Les épisodes qui ont laissé leur marque
L'étudiant a également partagé le anecdotes importantes qui illustrent son malaise. «Au cours des deux premières années, j'ai eu un professeur latin qui, je pense qu'il, il avait un peu avec moi. Pour autant que j'ai essayé d'étudier, J'ai continué à prendre insuffisant« , a-t-il dit.
Malgré l'engagement et l'étude intense, les résultats ne sont pas arrivés, aboutissant à une dette. Même quand il a été promu, la phrase « Je te donne te te donne, donc tu es heureux« Elle a quitté son amer. » Je pense que en regardant mon chemin, elle aurait dû en dire plus. J'étais très occupé. Mais combien une personne est engagée ne compte pas« .
Une expérience similaire lui est arrivée en physique, où le manque d'harmonie avec l'enseignant l'a fait « passer le désir d'étudier ». Malgré cela, Maddalena n'a pas abandonné ses rêves, confirmant qu'elle veut étudier astronomie et pour avoir déjà pris en charge les tests d'entrée.
Une révolution est nécessaire
La partie la plus surprenante de l'histoire de Maddalena est peut-être le réaction de la commission à son discours. Contre toutes les attentes, les professeurs l'ont écouté « avec intérêt ».
« Ils m'ont dit qu'étant à l'intérieur du système, ils savent qu'il y a des choses qui ne sont pas bonnes, mais que Les changer est difficile. Pour la première fois, je pense avoir entendu leur aspect humain le plus profond « , a révélé Maddalena.
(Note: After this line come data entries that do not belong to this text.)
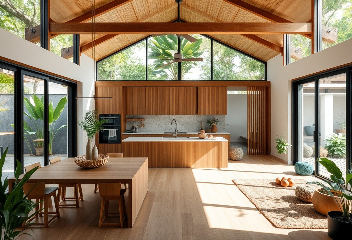 A Zen-inspired kitchen and living room interior featuring tropical modernism, with an open floor plan that embraces natural ventilation and a minimalist aesthetic. The studio combines local materials such as bamboo, stone, and tropical wood to create a harmonious connection with the environment. Apply 60-30-10 rule: 60% primary color as light wood and earthy tone, 30% secondary color as soft green, 10% decoration color as navy blue, terracotta. Emphasize a seamless fusion of indoor and outdoor spaces through large sliding doors, open-air patios, and expansive windows that blur the line between the interior and nature. The design features semi-enclosed spaces that provide a calm and contemplative atmosphere, perfect for meditation or relaxation, while maintaining a sense of openness and flow. Natural light floods the space, highlighting the earthy tones and textures of the materials, while the gentle breeze from outdoor ventilation cools the room. The minimalist composition focuses on simplicity and function, with clean lines and uncluttered spaces that promote tranquility and balance. The overall design blends the serenity of Zen philosophy with the natural vibrancy of tropical modernism, creating a peaceful yet vibrant studio where the indoor environment feels seamlessly connected to the lush outdoors.
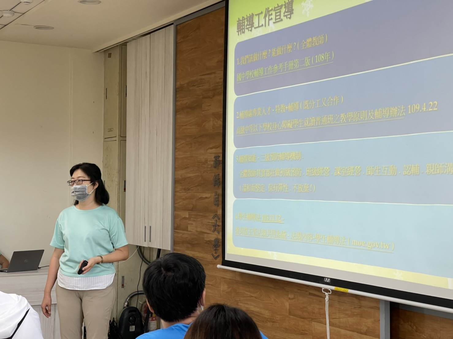 於110年05月15日由輔導主任對全校教職員分享學校三級輔導的概念,強化初級輔導的功能,並說明本校的個案輔導轉介流程,讓輔導機制能夠協助學校老師針對學生的狀況提供不同的處遇方式。最後也提醒老師撰寫輔導紀錄時的基本原則,讓老師們能夠用簡潔且客觀的方式記錄下學生的在校情形!
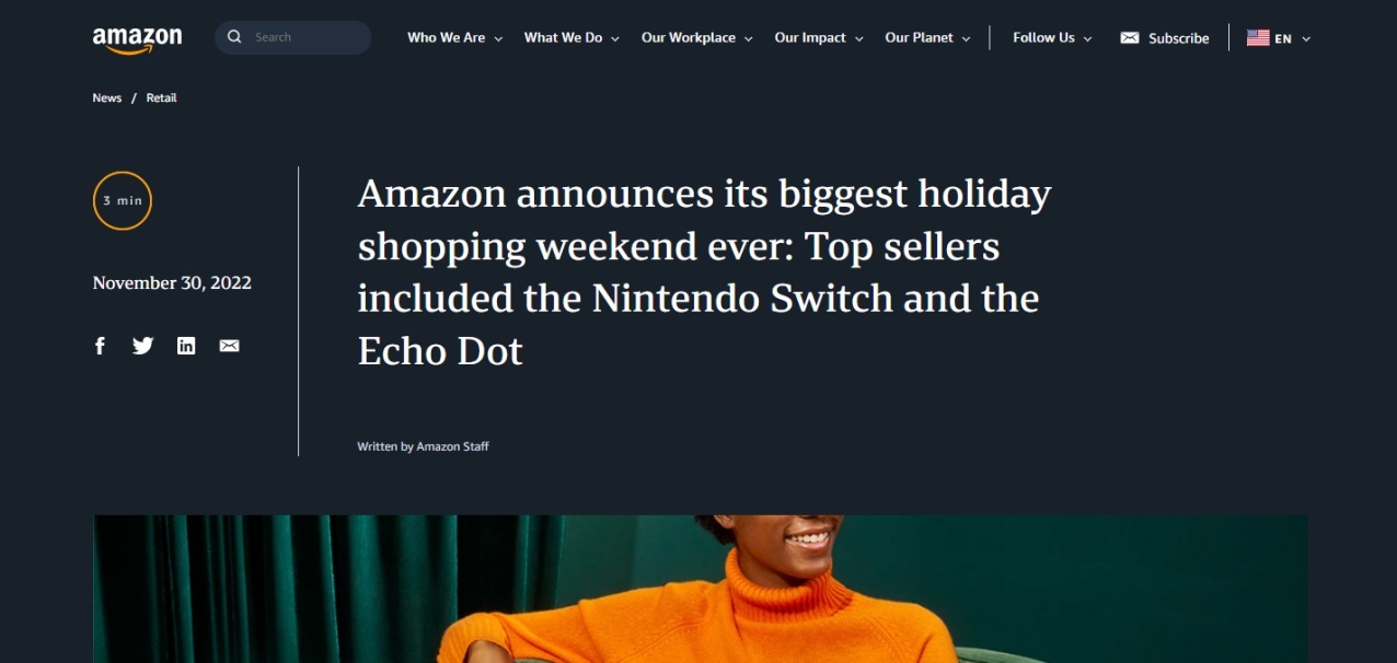 亚马逊近日也宣布,刚刚结束的黑色星期五和网络星期一再次打破销售记录。大促活动期间,全球范围内的消费者在亚马逊上购买了数亿件商品,创下新高。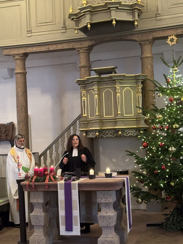 Am letzten Schultag vor den Weihnachtsferien 2025 gingen die Klassen 5 bis 10 wie jedes Jahr gemeinsam mit ihren Klassenlehrkräften in die evangelische Kirche zum Weihnachtsgottesdienst. Der Gottesdienst wurde in den Schulwochen davor von den Religionslehrerinnen Frau Loginow, Frau Ranft, Frau Röhrig, Frau Zimmermann-Keseberg und Frau Schneegold vorbereitet. Der Gottesdienst wurde von der evangelischen Pfarrerin Dr. Vetter und dem katholischen Pfarrer Richard aus Ilbenstadt geleitet. Musikalisch begleitet wurden die Schülerinnen und Schüler von den Honey Twins (Renate Gantz- Bopp – Vocals und Gerry Reutzel – Piano). Der Chor der Klassen 5a und 5b (unter der Leitung von Frau Schneider und Frau Stang) steuerte die Lieder "Ich wünsch mir einen Regenbogen" und "Fröhliche Weihnacht" zum Gottesdienst bei.
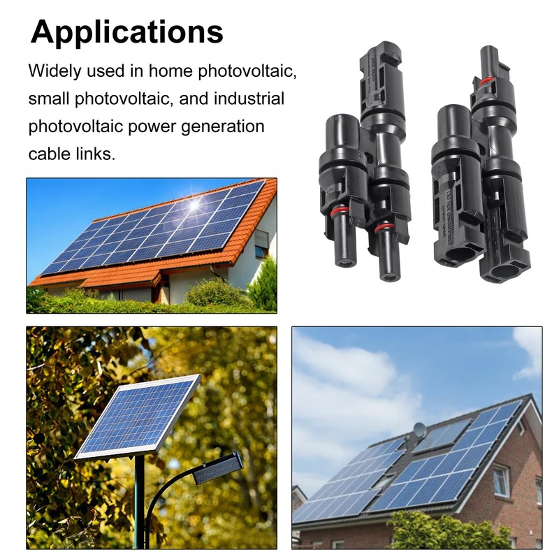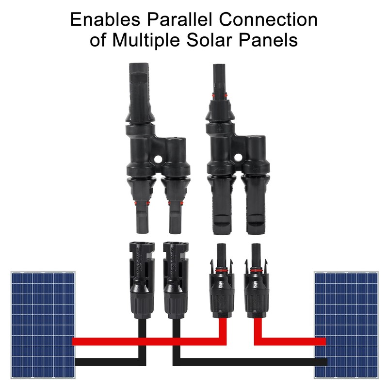 - Solar panel cable connector 1 male to 2 female and 1 female to 2 male) quick and simple assembly processing and simple removal of plugs without the aid of any extra instrument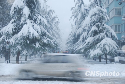 11月10日,石家莊降下初冬以來(lái)首場(chǎng)暴雪。降雪自11月9日夜開(kāi)始,當(dāng)日清晨大雪紛紛揚(yáng)揚(yáng)鋪天蓋地,把石家莊裝扮的銀裝素裹,樹(shù)梢、花草、建筑物上掛滿積雪。 中新社發(fā) 魏恒越 攝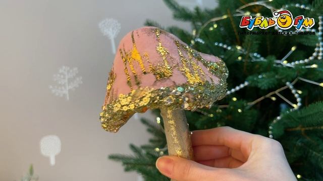 333605 Фигурка декоративная Гриб с пайетками винтажная розовая 21см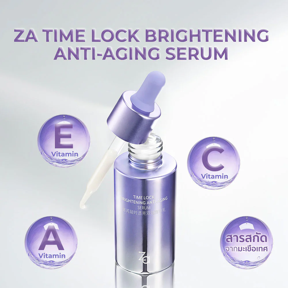 ZA Time Lock Brightening Anti-Aging Serum 30g Facial serum helps increase skin elasticity, reduce wrinkles and dark spots to fade. Combined with Vitamin A, C, E and tomato extract, it helps increase moisture and evens out skin tone, revealing hydrated, youthful and healthy skin.
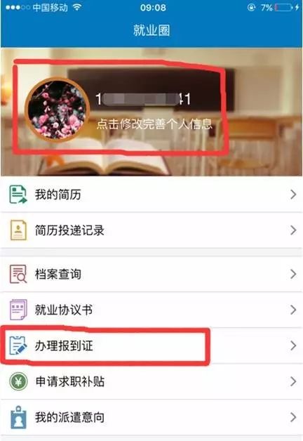 进入个人中心后在界面最上方“点击修改完善个人信息”,核对自己的个人信息。正确无误后。点击“办理报到证”。如图3.2,3.3。

Cette ouverture inattendue a renforcé sa conviction que l'on est nécessaire « révolution ». Voyant combien d'autres gars ont fait des gestes similaires, Maddalena est convaincue que sa génération prend conscience des « problèmes critiques qui se trouvent dans le monde dans lequel nous vivons » et qu'elle essaiera de les changer.
L'exemple des systèmes éducatifs de l'Europe du Nord, qui décomposent la compétitivité, pourrait être le moyen de suivre pour un avenir scolaire plus empathique et inclusif.